▶ TASK TO CARRY OUT: Given the records underneath, please repeat exactly the lines from the line with "Peça de metal" through the line with "Зеленый виноград и бутылка вина", passing over any picture.

▶ SUPPLIED RECORDS:
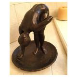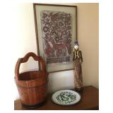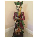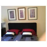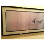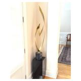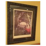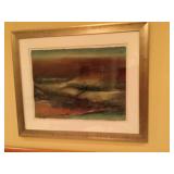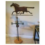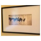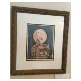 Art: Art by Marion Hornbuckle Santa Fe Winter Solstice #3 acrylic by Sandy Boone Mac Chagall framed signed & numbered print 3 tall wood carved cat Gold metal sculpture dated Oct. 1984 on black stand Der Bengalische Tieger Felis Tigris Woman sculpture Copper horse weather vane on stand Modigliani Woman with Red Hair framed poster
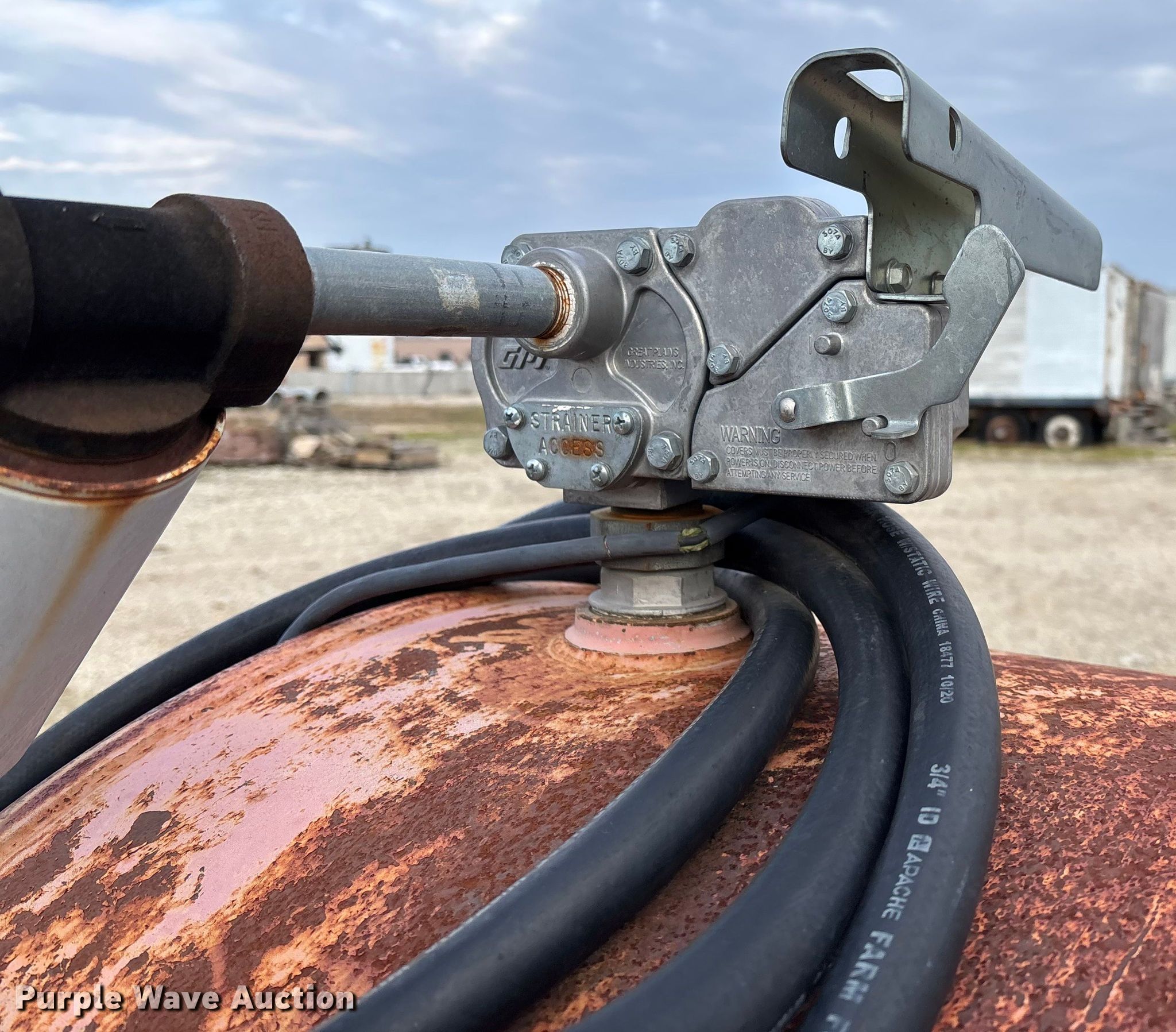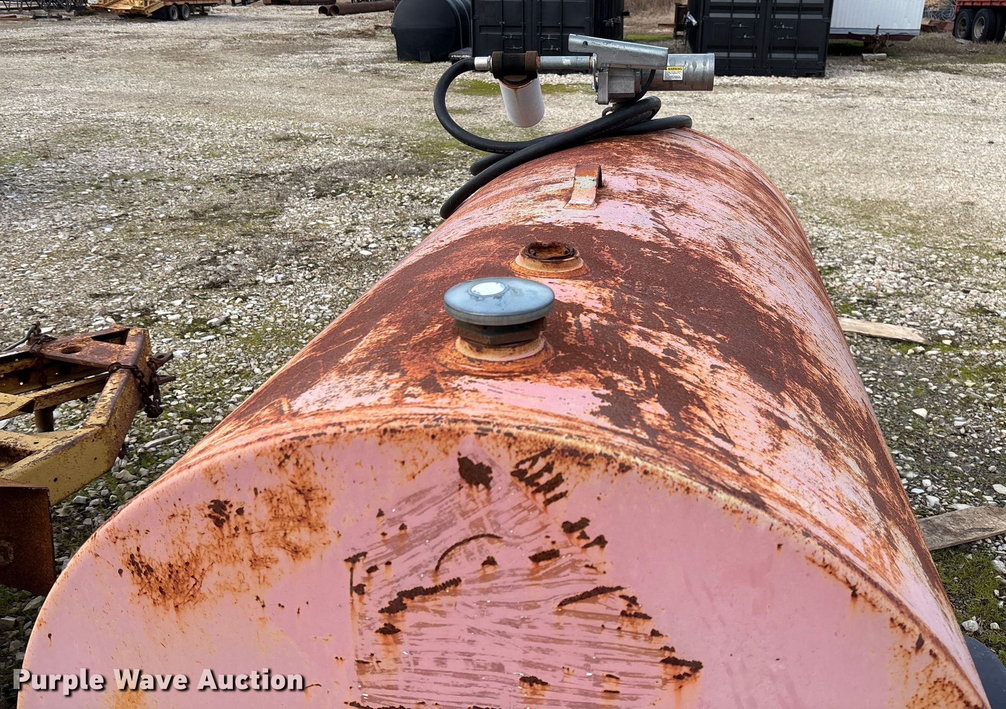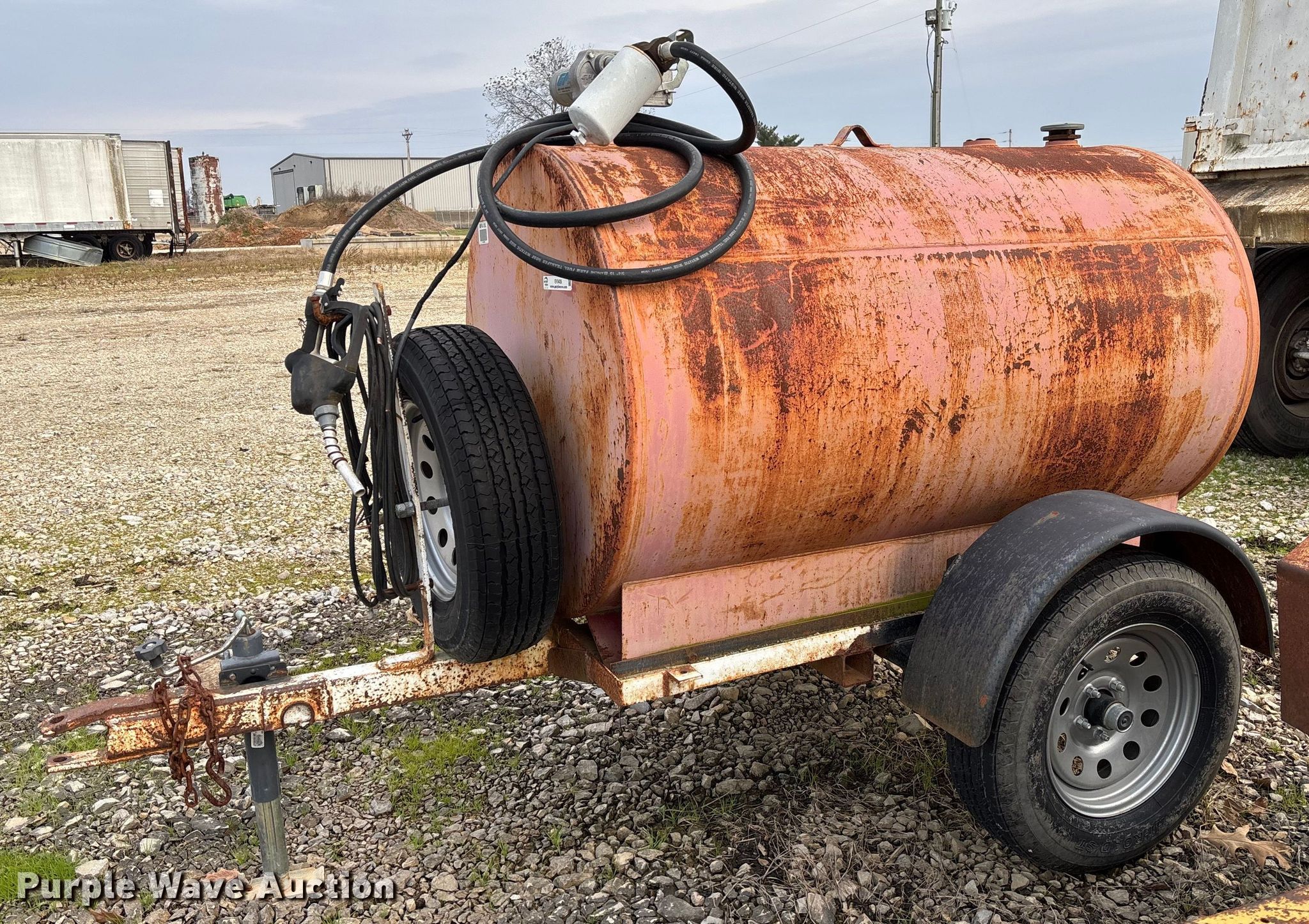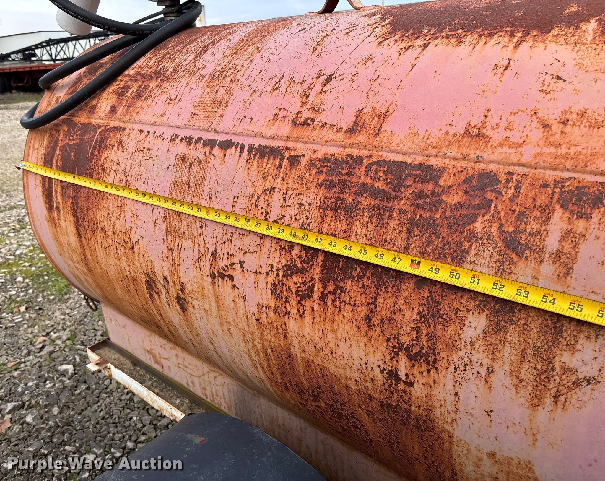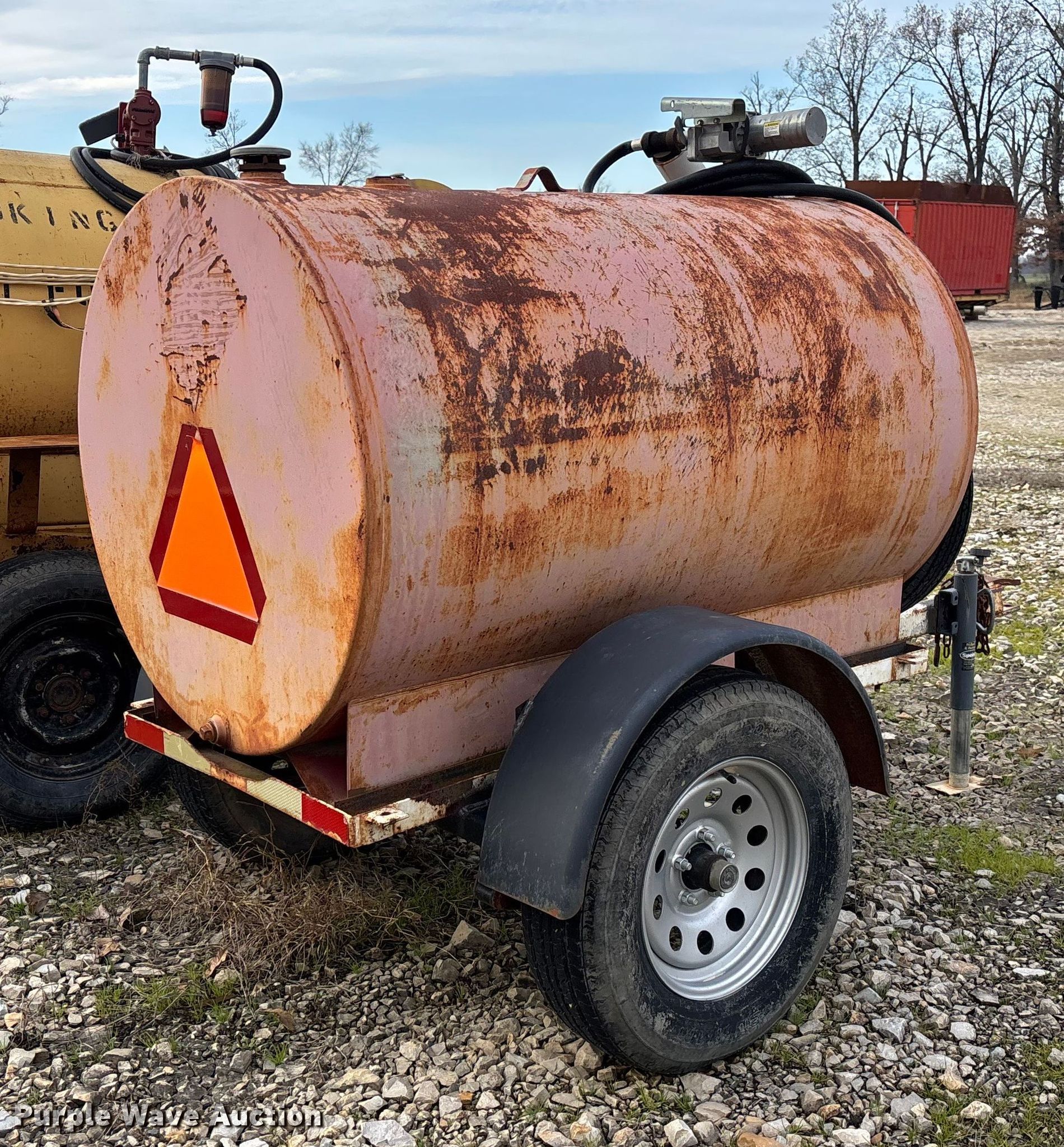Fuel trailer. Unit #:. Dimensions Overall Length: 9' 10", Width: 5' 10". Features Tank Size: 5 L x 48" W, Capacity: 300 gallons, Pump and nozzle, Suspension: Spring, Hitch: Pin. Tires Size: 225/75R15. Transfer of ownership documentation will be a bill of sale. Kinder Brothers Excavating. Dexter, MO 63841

* * *

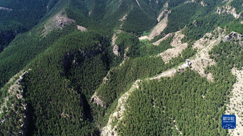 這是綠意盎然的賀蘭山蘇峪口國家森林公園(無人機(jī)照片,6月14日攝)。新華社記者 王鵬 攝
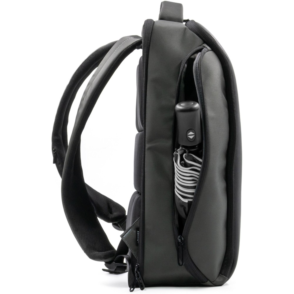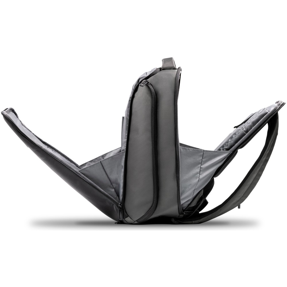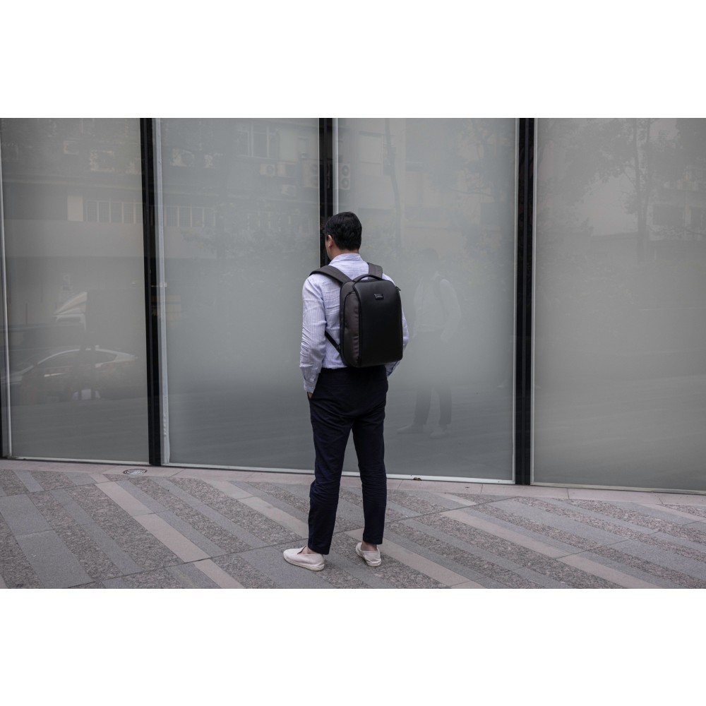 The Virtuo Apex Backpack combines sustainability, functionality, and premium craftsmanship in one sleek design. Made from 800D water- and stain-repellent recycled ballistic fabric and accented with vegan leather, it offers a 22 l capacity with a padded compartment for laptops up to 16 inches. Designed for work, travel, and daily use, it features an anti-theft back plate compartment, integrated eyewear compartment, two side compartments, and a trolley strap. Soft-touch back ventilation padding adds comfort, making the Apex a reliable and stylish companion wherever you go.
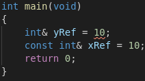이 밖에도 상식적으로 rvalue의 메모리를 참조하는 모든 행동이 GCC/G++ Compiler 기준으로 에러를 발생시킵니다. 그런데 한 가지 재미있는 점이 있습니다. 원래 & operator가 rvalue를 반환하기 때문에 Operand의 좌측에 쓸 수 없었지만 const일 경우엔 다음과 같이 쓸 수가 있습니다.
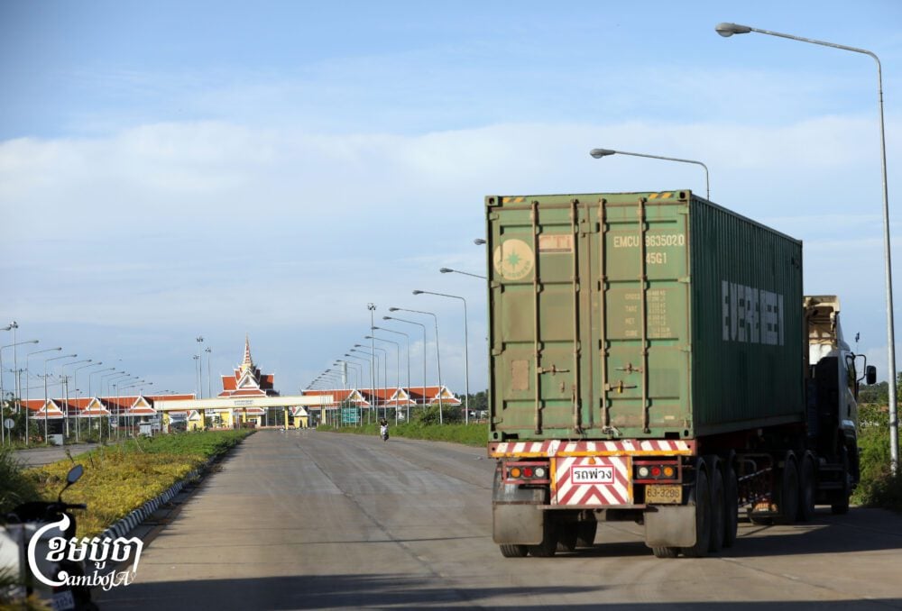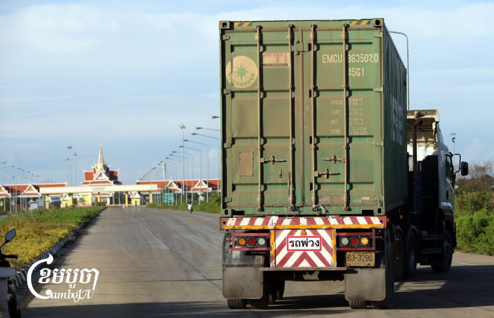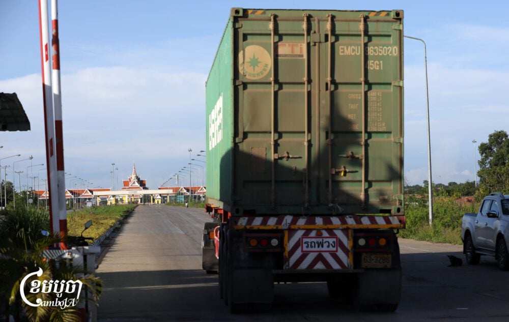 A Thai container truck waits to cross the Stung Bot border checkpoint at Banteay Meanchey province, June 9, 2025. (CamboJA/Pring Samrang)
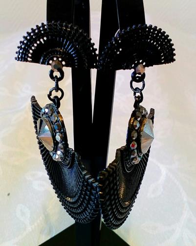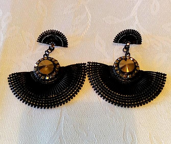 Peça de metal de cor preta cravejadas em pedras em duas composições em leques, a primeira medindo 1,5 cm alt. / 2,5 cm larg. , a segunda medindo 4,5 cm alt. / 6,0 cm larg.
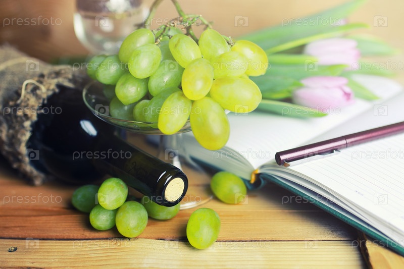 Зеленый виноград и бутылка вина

▶ PROBLEM SOLUTION:
 Peça de metal de cor preta cravejadas em pedras em duas composições em leques, a primeira medindo 1,5 cm alt. / 2,5 cm larg. , a segunda medindo 4,5 cm alt. / 6,0 cm larg.
 Зеленый виноград и бутылка вина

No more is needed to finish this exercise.